Date | May 2016 | Marks available | 2 | Reference code | 16M.3.SL.TZ0.10 |
Level | Standard level | Paper | Paper 3 | Time zone | Time zone 0 |
Command term | Calculate | Question number | 10 | Adapted from | N/A |
Question
An astronomical telescope is used in normal adjustment. The separation of the lenses in the telescope is 0.84m. The objective lens has a focal length of 0.82m.
Calculate the magnification of this telescope.
Outline why sign convention is necessary in optics.
A student decides to reverse the positions of the same lenses without changing the separation to form an optical microscope in normal adjustment. The student’s near point is 0.25 m from her eye.

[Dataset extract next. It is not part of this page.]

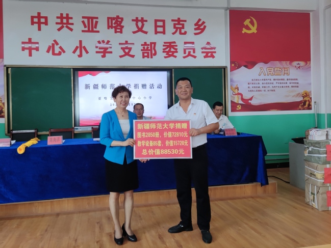 按照学校党委工作部署,为扎实推进对莎车县亚喀艾日克乡中心小学的教育帮扶工作,改善其办学条件、优化教学管理体制机制提高办学质量和办学水平6月17日,永利官网向亚喀艾日克乡中心小学捐赠仪式在乡中心小学举行。校党委常委、副校长、驻莎车县前方党工委书记孙秀玲出席捐赠仪式并讲话,莎车县委常委、宣传部部长、教育工委书记陈保云,莎车县教育局党委书记、副局长陈海洋,亚喀艾日克乡党委书记梁秀超,亚喀艾日克乡中心小学党支部书记马建刚,校长吐尔洪江·图尔孙,莎车县教育局干部、附属中学送教教师和部分工作队队员等参加仪式。捐赠仪式由吐尔洪江·图尔孙主持。

(i) Show, using a calculation, that the image formed by the objective lens is about 0.19 m from the eyepiece.
(ii) Calculate the distance between the objective lens of the microscope and the object.
(iii) Determine the overall magnification of the microscope.
Markscheme
Fo+fe=84 so fe=84-82=2cm
\( \ll M = \frac{{{f_{\rm{O}}}}}{{{f_{\rm{e}}}}} = \frac{{82}}{2} = \gg 41\)
a sign convention is a way to distinguish between real and virtual objects or images or converging and diverging lenses
(i) image will be virtual v=–25 cm
\(\frac{1}{u} = \frac{1}{{82}} + \frac{1}{{25}}\)
«=19cm or 0.19m»
Award [1 max] if v = +25 cm used to give u = –36 cm.
(ii) image will be real v=84-19=65cm
\( \ll \frac{1}{u} = \frac{1}{2} - \frac{1}{{65}} \gg \) so u=2.1cm
(iii) \({M_e} = \ll \frac{D}{{{f_{\rm{e}}}}} + 1 = \frac{{25}}{{82}} + 1 = \gg 1.3\) AND \({m_o} = \ll \frac{v}{{{f_{\rm{o}}}}} - 1 = \frac{{65}}{2} - 1 = \gg 31\) or 32
so \(M = \ll {M_{\rm{e}}}{m_{\rm{o}}} = 1.3 \times 31 = \gg 40\) or 41
Far point adjustment gives M = 9.3 (accept answers from interval 9.3 to 9.6), award [1 max] for full working.